Among this week’s most disturbing news is the Wisconsin GOP’s assault on the University of Wisconsin OBGYN teaching program.  If you have even a layman’s most rudimentary understanding of the medical issues involved (which you should, if you permit yourself to have an opinion on reproductive rights), then you understand that a prohibition on the teaching of abortion makes the entire OBGYN program unworkable.  This is, of course, the first major step towards the GOP’s ultimate goal of outlawing therapeutic obstetrics and returning maternal medicine to its mid-nineteenth-century form, when nature held women “accountable” for the crime of having sex: 30% maternal mortality rate, along with countless deaths from conception-related complications, such as ectopic pregnancy, Make America Great Again, I guess.  The law which, in essence, deprives women of physician care for pregnancy, labor and post-partum complications will, of course, hit hardest in the rural areas of Wisconsin — you know, Trump country.  Do you think that seeing women’s mortality rate skyrocket thanks to GOP legislation will make those Trump Voters change their political preferences? Not a chance.  They’ll watch their children die because their elected politicians have banned modern medicine — and they’ll still blame Obama and whine about Hillary Clinton’s email.

Every day, the liberal media regales us with tales of Trump’s support supposedly slipping.  I find little comfort, however, knowing that “only” 38% or whatever of Americans support Trump.  These polls tell me that, while the majority of Americans reject hate, a huge chunk of the American public eats, drinks, breathes and shits hate.  And it’s scary as hell.

Hate, today, is the most powerful motivator in American politics.  True, these are not the beliefs of the majority of Americans — but love and optimism are a lot less effective at getting people to the voting booth than hate.  If there is a more potent alternative that progressives can offer Americans than hate, I don’t know what that is. Hate persists, too. Fascisms tend to burn themselves out — but not in a year or two.

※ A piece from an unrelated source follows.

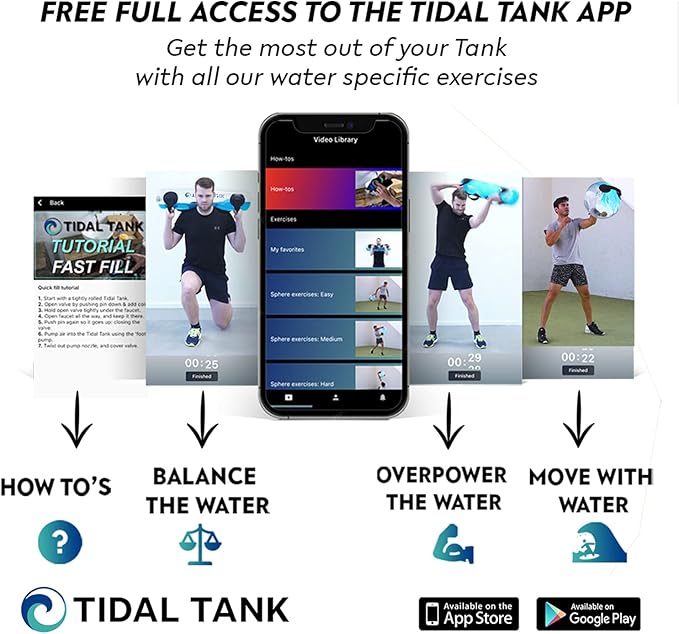 - ONLY WITH THE TIDAL TANK: EVERYTHING YOU NEED π We are fully focused on the Tidal Tank, and want to give you everything you may need, in one purchase. So we made the Tidal Tank transparent, allowing you to see the water level, and included a handy water level to weight indicator so you can see how many pounds of water to add. Furthermore, you will get FREE APP ACCESS with many exercises for your inspiration. Not satisfied for any reason? RETURN FOR FREE within 30 days.

Typically, it takes at least one generational turnover.  And in the meantime, all bets are off, and all possibilities are on the table — including genocide and a major war.  Trump is merely a symptom here.  Trumpism had been brewing for a long time, and it continues to be reinforced and cultivated by the likes of Mitch McConnell, Paul Ryan and countless former Tea-Partiers and current Trump acolytes.  It won’t be over in 2018.  Nor will it be over in 2020.  And the lower the stakes for Trump Voters — who, it should be pointed out, rely on the Democrats to reign in the worst GOP policies that threaten to hurt them — the longer Trumpism will last, and the more its “values”, such as they are, will become entrenched in American political culture.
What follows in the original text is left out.